Generation typically takes 2–10 seconds depending on length. The request blocks until the WAV is ready.

Response (success)

{
  "success": true,
  "audio": "/abs/path/to/working_dir/assets/generated/tts_20260615_233522_4ff02705.wav",
  "model": "or-tts-gemini-2-5-flash",
  "provider": "openclacky",
  "input": "Hello and welcome to openclacky...",
  "voice": "Kore",
  "mime_type": "audio/wav",
  "usage": { "prompt_tokens": 13, "completion_tokens": 122, "total_tokens": 135 },
  "cost_usd": 0.000259
}

The audio field is an absolute path on disk. Output is mono 16-bit PCM at 24 kHz wrapped in a standard WAV container — playable by any browser, OS player, or <audio> tag without conversion.

To let the user hear it, write a markdown link in your reply:

[🔊 听一下](file:///abs/path/from/response.wav)

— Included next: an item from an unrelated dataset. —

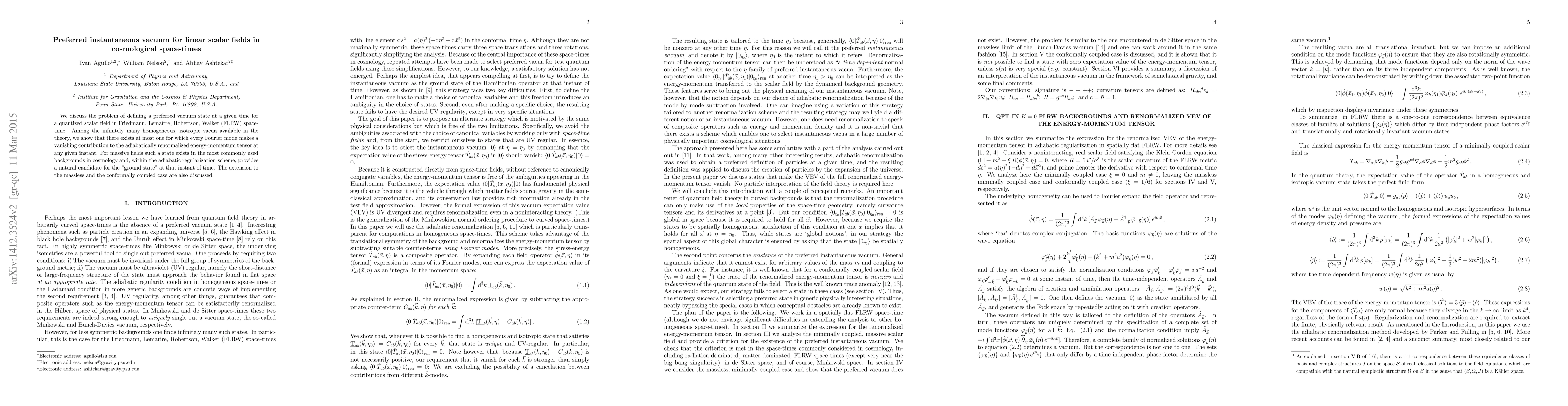 This paper explores the concept of a 'preferred' vacuum state for quantized scalar fields in cosmological Friedmann-Lemaître-Robertson-Walker (FLRW) space-times. It demonstrates that for massive fields, there's a unique vacuum contributing zero to the renormalized energy-momentum tensor at any given time, suggesting a natural ground state candidate. The discussion also extends to massless and conformally coupled fields.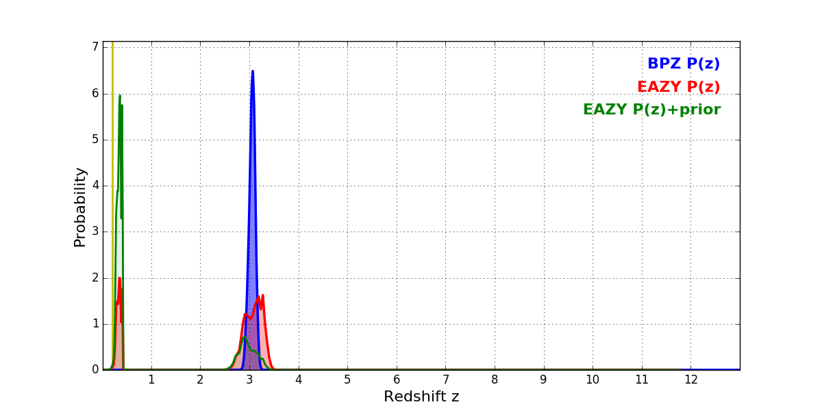 In P(z) plots: Yellow lines mark the cluster redshift z = 0.203,

For embedding in HTML documents, use:

<audio controls src="./assets/generated/xxx.wav"></audio>

Response (failure)

Same shape and error_type values as image generation, but with "audio": null. not_configured means no type=audio model is set up.

Cost & length tips

Gemini TTS bills by tokens (input text + generated audio). A typical one-paragraph narration costs well under $0.001.
For long-form audio (>1 minute), split the script into paragraphs and generate each separately, then concatenate locally — avoids upstream truncation and gives you finer control over pacing.
Voice consistency: Gemini TTS does not currently support voice cloning; use the same voice name across calls in one project to keep the narrator consistent.